In vivo tumor targeting and antitumor efficacy. (A) In vivo cell internalization. HBSS, the rhodamine-labeled nanopreparation, and its nonsensitive counterpart were injected i.v. in tumor-bearing mice at 5 mg/kg PTX, respectively. At 2 h after injection, tumor and major organs were collected. The cells were dissociated from fresh tissue and analyzed immediately by FACS. (B) Intratumor localization.
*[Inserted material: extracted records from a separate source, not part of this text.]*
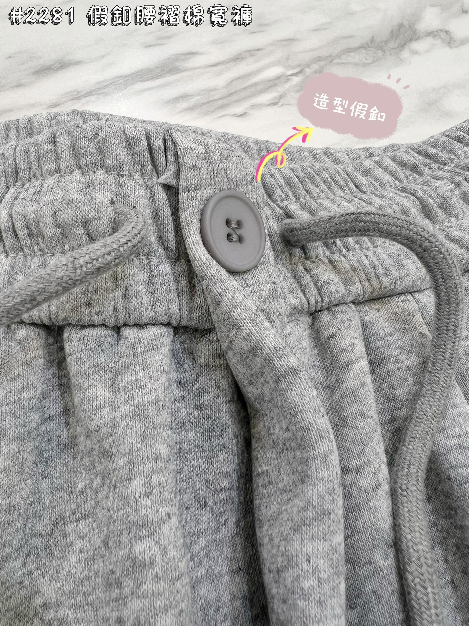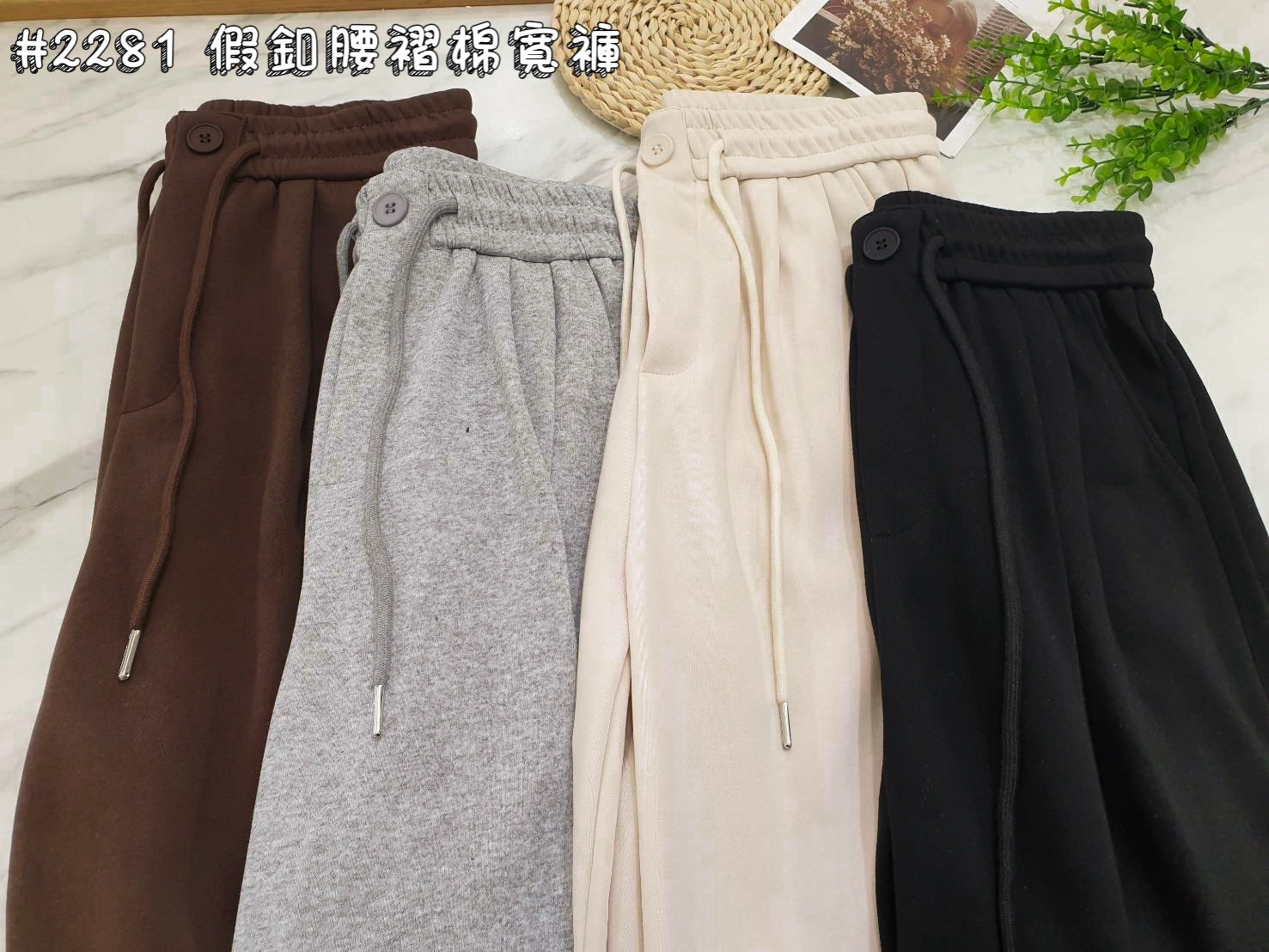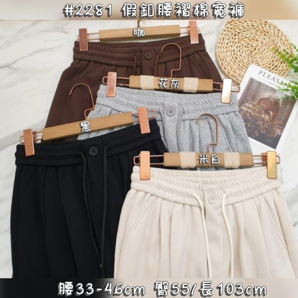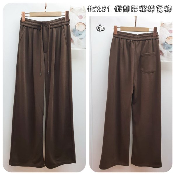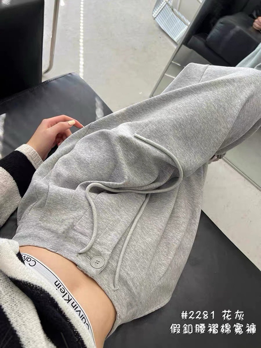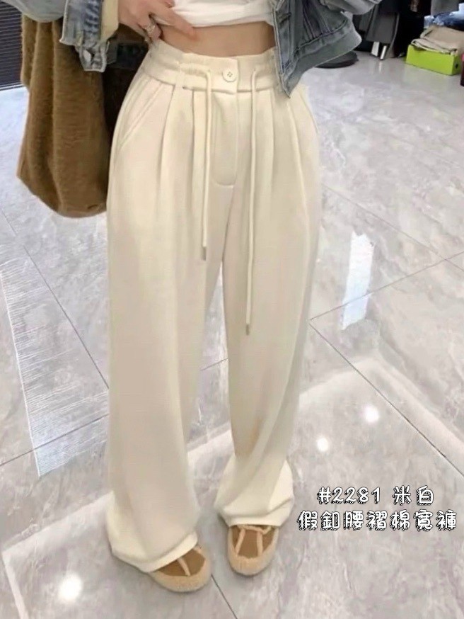 WGW2281女裝假釦腰摺棉寬褲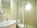 Каюты. Для размещения туристов предусмотрены 2- , 3-х и 4-х местные каюты на шлюпочной, средней, главной и нижней палубах. На шлюпочной палубе находятся каюты повышенной комфортности –«Люкс», «Полулюкс» и категория «Л». В каютах «Полулюкс» и «Л» категорий имеется балкон. В каждой каюте: санблок (умывальник, душ, туалет), телевизор, регулируемое централизованное кондиционирование, телефон и фен.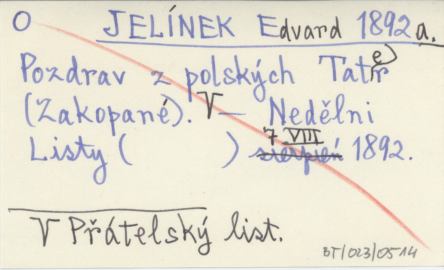 JELÍNEK Edvard 1892 a Pozdrav z polskęch Tater (Zakopané). Pűátelskę list.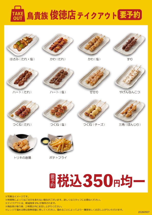 5月7日(木)より、俊徳店にてテイクアウト販売を開始いたします。店内でのご飲食後のお土産や、鳥貴族記念館にご来館いただいた際のお立ち寄りなど、お気軽にご利用ください。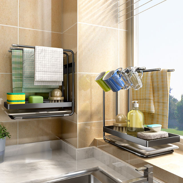 Égouttoir à torchons de cuisine en acier inoxydable avec bac de récupération, support pour liquide vaisselle et chiffon de cuisine – Offre spéciale
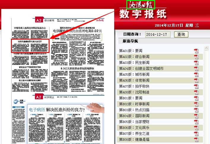 12月17日,沈阳市基督教界的新闻登上了沈阳市重要媒体《沈阳日报》第2版。12月16日,沈阳市基督教三自爱国运动委员会第十届、基督教协会第五届代表大会在东关基督教堂举行。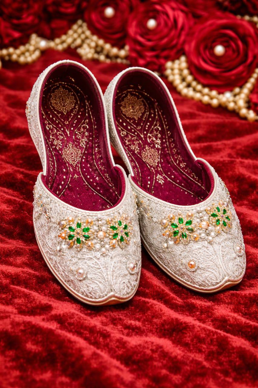 Perfect for weddings, festive occasions, and traditional celebrations, the Emerald Pushp Pearlwork Silver Mojris pair beautifully with lehengas, sarees, and ethnic wear—offering a refined blend of tradition, comfort, and timeless beauty.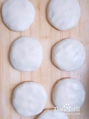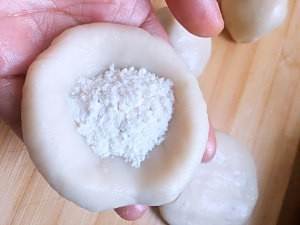 用拇指旋转捏出一个小窝,放白糖面粉进去

Tumor sections were stained by Hoechst 33342 and detected by confocal microscopy. (C) Tumor growth inhibition (% of the starting tumor volume). Tumor size was measured every 3 d and calculated as V = lw²/2. *P < 0.05 compared with other groups. (D) Tumor cell apoptosis. Tumor sections were stained by Hoechst 33342, and apoptosis was analyzed by TUNEL assay under confocal microscopy.

Fig. 4.

In vivo side toxicity assessment. (A) Mouse body weight (% of starting body weight). (B) White blood cell counts. At the end of the experiment, white blood cells were counted by a hemocytometer. (C) Activity of ALT and AST. (D) H&E staining.